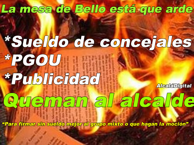 AlcaláDigital.- El alcalde de Alcalá de Henares, (205.000 habitantes) Javier Bello, está dejando los tema más calientes de esta legislatura encima de su mesa, como son el sueldo de concejales, el desarrollo del plan General de Ordenación Urbana, y el tema de la publicidad institucional, que fue aprobado por mayoría de la corporación municipal en el pleno de diciembre de 2013.
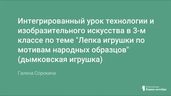 Урок позволяет познакомить с историей возникновения дымковской игрушки, с особенностями дымковского орнамента, приемами лепки, воспитывать интерес к традиционной русской культуре, творчеству народных умельцев.
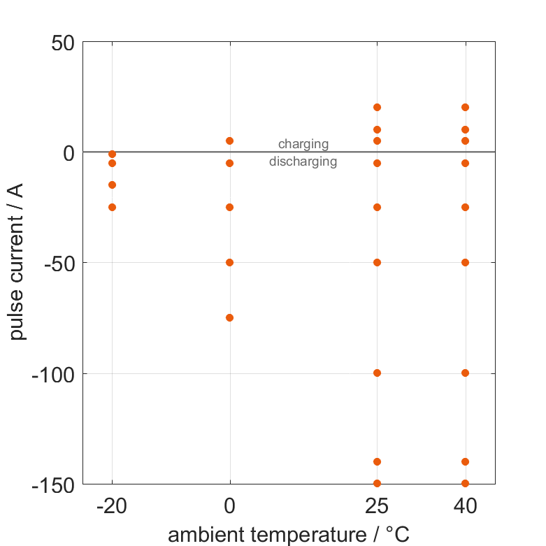 电池在各种环境温度下,经过无负载阶段后通过电流脉冲从 100% SOC 放电或从 0% SOC 充电。热边界条件为自然对流。测量会在电压达到 2.5V 或 4.2V 或表面温度达到 80°C 时停止。图表显示了在哪些环境温度和脉冲电流下可以进行测量。
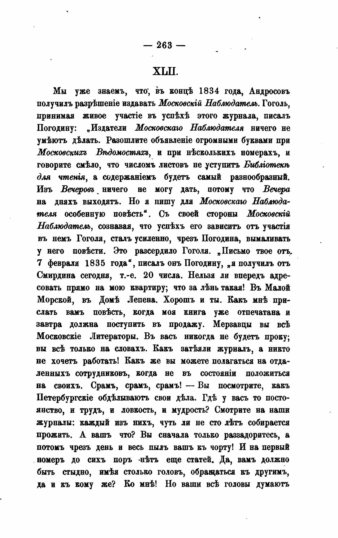у него пойсти. Это разсердило Гоголя. „Письмо твое отъ.
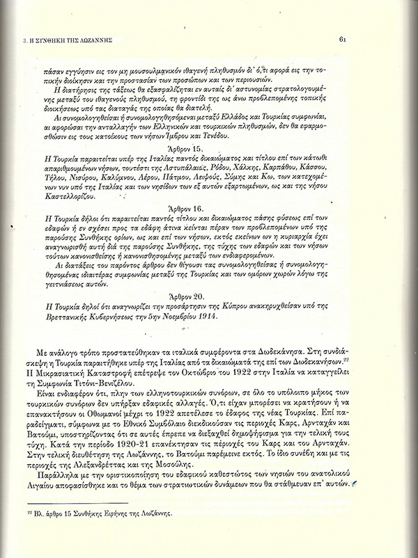 Η συνθήκη της Λωζάνης και τα άρθρα που αφορούν Ελλάδα-Τουρκία
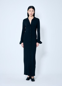Shirt maxi dress in crepe jersey. - Classic collar - Front button fastening - Long sleeves - Button-fastening cuffs - Open rear - 95% Viscose, 5% Elastane. Hand wash - Color: Black - Code: 2512621041670 003

→ **ASSIGNMENT**
Could you print all of the entries above exactly as written, minus the pictures?

→ **SOLUTION TO THE PROBLEM**
 AlcaláDigital.- El alcalde de Alcalá de Henares, (205.000 habitantes) Javier Bello, está dejando los tema más calientes de esta legislatura encima de su mesa, como son el sueldo de concejales, el desarrollo del plan General de Ordenación Urbana, y el tema de la publicidad institucional, que fue aprobado por mayoría de la corporación municipal en el pleno de diciembre de 2013.
 Урок позволяет познакомить с историей возникновения дымковской игрушки, с особенностями дымковского орнамента, приемами лепки, воспитывать интерес к традиционной русской культуре, творчеству народных умельцев.
 电池在各种环境温度下,经过无负载阶段后通过电流脉冲从 100% SOC 放电或从 0% SOC 充电。热边界条件为自然对流。测量会在电压达到 2.5V 或 4.2V 或表面温度达到 80°C 时停止。图表显示了在哪些环境温度和脉冲电流下可以进行测量。
у него пойсти. Это разсердило Гоголя. „Письмо твое отъ.
 Η συνθήκη της Λωζάνης και τα άρθρα που αφορούν Ελλάδα-Τουρκία
Shirt maxi dress in crepe jersey. - Classic collar - Front button fastening - Long sleeves - Button-fastening cuffs - Open rear - 95% Viscose, 5% Elastane. Hand wash - Color: Black - Code: 2512621041670 003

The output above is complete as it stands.